• _About this exercise_
The data below is to be written out exactly, with no pictures.

══ Data provided

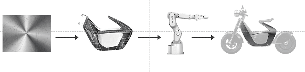 The STILFOLD technology, dubbed “industrial origami”, involves the use of robotic arms to fold flat sheet metal over curves to form light and sustainable new structures using minimal component parts. The technology is currently being used to build the chassis of a light electric motorcycle called the STILRIDE 1, the world’s first climate-neutral car (in collaboration with Polestar), and to develop greener urban mobility infrastructure (in collaboration with Alstom).
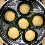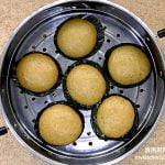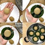 - Coat palms with oil, shape dough into a ball, put onto a piece of banana leaf, press lightly with palm, then arrange in steamer rack.
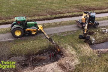 Loonbedrijf Wilgenburg aan het duikers doorspuiten met een CAT M315F kraan. John Deere 6215R met een Wesseler TiTAN 8500T maaiarm met een baggerspuit John Deere 6R 185 met een Jako watertank. Trekkerfotografie Agriculture Video’s

════

• _Answer to the problem_
 The STILFOLD technology, dubbed “industrial origami”, involves the use of robotic arms to fold flat sheet metal over curves to form light and sustainable new structures using minimal component parts. The technology is currently being used to build the chassis of a light electric motorcycle called the STILRIDE 1, the world’s first climate-neutral car (in collaboration with Polestar), and to develop greener urban mobility infrastructure (in collaboration with Alstom).
 - Coat palms with oil, shape dough into a ball, put onto a piece of banana leaf, press lightly with palm, then arrange in steamer rack.
 Loonbedrijf Wilgenburg aan het duikers doorspuiten met een CAT M315F kraan. John Deere 6215R met een Wesseler TiTAN 8500T maaiarm met een baggerspuit John Deere 6R 185 met een Jako watertank. Trekkerfotografie Agriculture Video’s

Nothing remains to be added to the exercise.